Сесиль Винвуд принял вызов. Он утверждал, что опоит сторожа в ночь
побега.
-- Рассказывай! -- говорил Долговязый Билль Ходж. -- Нам нужно дело.
Опои кого-нибудь из сторожей в э т у же ночь. Вот, например, Барнума, -- он
дрянь-человек. Вчера он исколотил помешанного Чинка в Аллее Беггауза, да еще
не в свое дежурство. В эту ночь он дежурит. Усыпи его, и пусть его выгонят.
Докажи, что ты это можешь, и тогда пойдет разговор о деле!
Все это Билль Ходж рассказывал мне в карцере спустя много времени.
Сесиль Винвуд противился немедленной пробе сил. По его словам, нужно было
время, чтобы выкрасть снотворное средство из аптеки. Ему дали срок, и через
неделю он объявил, что все готово. Сорок дюжих вечников ждали, как это
сторож Барнум заснет на своем дежурстве. И Барнум заснул! Его застали и
уволили.
Разумеется, это убедило вечников. Но оставалось еще убедить начальника
тюремного двора. Ему Сесиль Винвуд каждый день докладывал, как
подготовляется побег, который целиком был им выдуман.

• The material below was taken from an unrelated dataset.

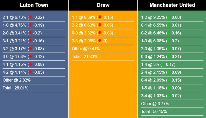 Tỷ số có khả năng xảy ra nhất để Manchester United giành chiến thắng là 1-2 với xác suất 9,25%. Tỷ số có khả năng xảy ra tiếp theo cho kết quả đó là 0-1 (6,55%) và 0-2 (6,46%). Tỷ số dễ nhất mà Luton Town giành được là 2-1 (6,73%), trong khi tỷ số hòa là 1-1 (9,39%).

Начальник тюремного
двора также потребовал доказательств. Винвуд представил их -- и я только
через несколько лет узнал все подробности этой махинации: так медленно
раскрываются тайны тюремных интриг.
Винвуд донес, что сорок человек, готовящихся к побегу, к которым он
вкрался в доверие, забрали такую силу в тюрьме, что собираются получить
контрабандой револьверы при помощи подкупленного ими сторожа.

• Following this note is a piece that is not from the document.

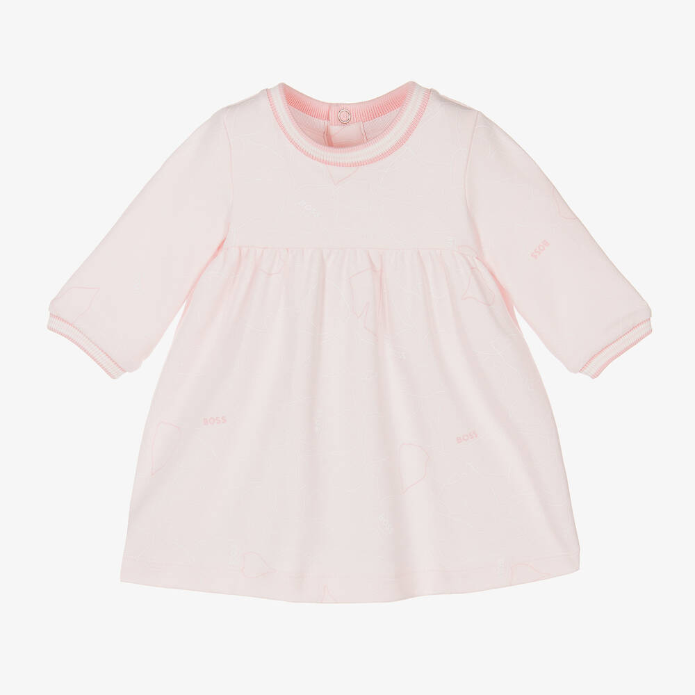 Cute and comfortable, a pale pink organic cotton dress for little girls by German designer BOSS, with a contrasting pink and white pattern of ginkgo leaves and logos. It has ribbed trims striped in shades of pink and a full, gathered skirt. There are branded popper fastenings on the back to assist with dressing.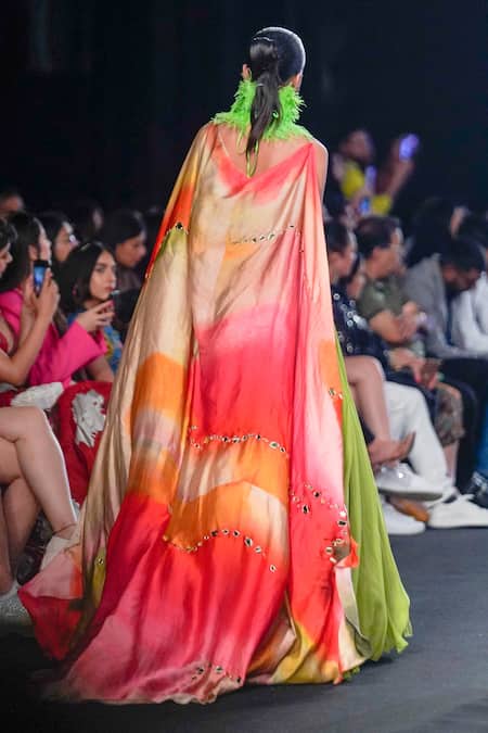 Tassel ornamented cuffs, Side tie-up detailing, Shaded dupatta with mirror work

-- Докажи мне это! -- потребовал, вероятно, начальник тюремного двора.
И мазурик-поэт доказал!
В пекарне работали по ночам. Один из каторжников, пекарь, был в первой
ночной смене. Он был сыщиком начальника двора, и Винвуд знал это.
-- Нынче ночью, -- объявил он начальнику, -- Сэммерфорс пронесет дюжину
револьверов калибра 44, В следующее дежурство он пронесет патроны. Нынче же
он передаст револьверы в пекарне мне. Там у вас есть хороший сыщик -- он
сделает вам доклад завтра.
Сэммерфорс представлял собой любопытную фигуру буколического сторожа из
графства Гумбольдт. Это был простодушный, ласковый олух, не упускавший
случая честно заработать доллар контрабандной доставкой табаку
заключенным... В этот вечер, вернувшись из поездки в Сан-Франциско, он
принес с собой пятнадцать фунтов легкого табаку для папирос. Это было уже не
в первый раз, и всякий раз он передавал табак Сесилю Винвуду. Так и в эту
ночь, ничего не подозревая, он передал Винвуду в пекарне табак -- большую
пачку самого невинного табаку, завернутого в бумагу. Шпион-пекарь из
укромного места видел, как Винвуду передали пакет, о чем и доложил
начальнику тюремного двора.
Тем временем не в меру ретивое воображение поэтадоносчика усиленно
работало. Он задумал штуку, которая принесла мне пять лет одиночного
заключения и привела меня в эту проклятую камеру, где я сейчас пишу. И все
эти пять лет я ничего не подозревал. Я ничего не знал даже о побеге, к
которому он подговорил сорок вечников. Я не знал ничего, абсолютно ничего!
Не больше меня знали и другие. Вечники не знали, как он их обошел. Начальник
тюремного двора не знал, что и его обманули. Неповинней всех был Сэммерфорс.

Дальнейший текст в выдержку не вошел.